++++ Data extracts

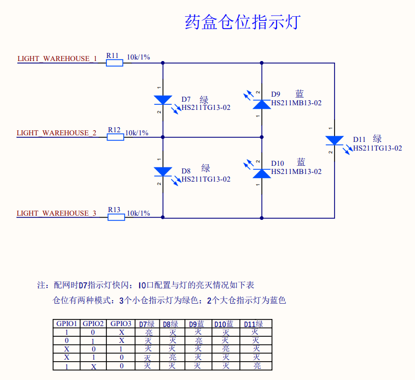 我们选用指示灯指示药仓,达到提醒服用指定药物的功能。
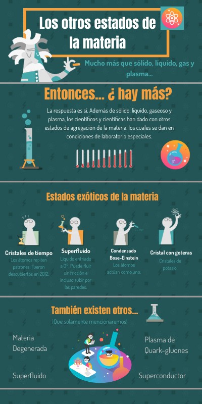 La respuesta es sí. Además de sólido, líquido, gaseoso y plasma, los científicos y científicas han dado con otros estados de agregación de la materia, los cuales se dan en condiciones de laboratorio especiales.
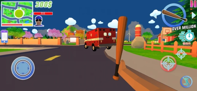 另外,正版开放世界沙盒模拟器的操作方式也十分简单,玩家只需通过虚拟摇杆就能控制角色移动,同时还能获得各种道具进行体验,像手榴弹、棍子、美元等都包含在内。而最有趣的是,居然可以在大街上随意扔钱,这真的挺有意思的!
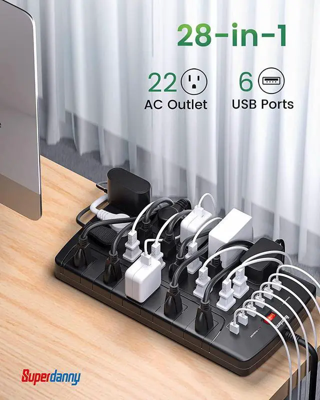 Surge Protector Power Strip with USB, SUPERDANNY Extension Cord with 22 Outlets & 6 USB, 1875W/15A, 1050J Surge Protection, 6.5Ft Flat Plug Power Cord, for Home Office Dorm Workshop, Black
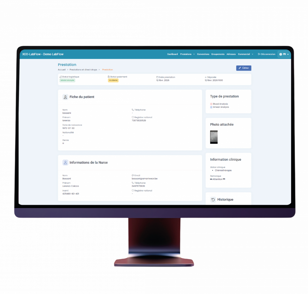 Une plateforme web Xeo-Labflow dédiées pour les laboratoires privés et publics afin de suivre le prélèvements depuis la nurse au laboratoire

++++++++
++++ Data extracts

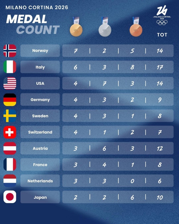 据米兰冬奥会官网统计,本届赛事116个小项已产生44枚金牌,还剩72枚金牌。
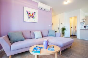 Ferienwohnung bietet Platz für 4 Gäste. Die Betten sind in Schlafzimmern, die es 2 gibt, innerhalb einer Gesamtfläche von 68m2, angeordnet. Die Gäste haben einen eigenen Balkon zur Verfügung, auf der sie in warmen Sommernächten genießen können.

++++++++

» Task to carry out
Beginning at the line that has "Surge Protector Power" and ending at the line that has "Une plateforme web", restate the listing above word for word, pictures left out.

» Exercise result
 Surge Protector Power Strip with USB, SUPERDANNY Extension Cord with 22 Outlets & 6 USB, 1875W/15A, 1050J Surge Protection, 6.5Ft Flat Plug Power Cord, for Home Office Dorm Workshop, Black
 Une plateforme web Xeo-Labflow dédiées pour les laboratoires privés et publics afin de suivre le prélèvements depuis la nurse au laboratoire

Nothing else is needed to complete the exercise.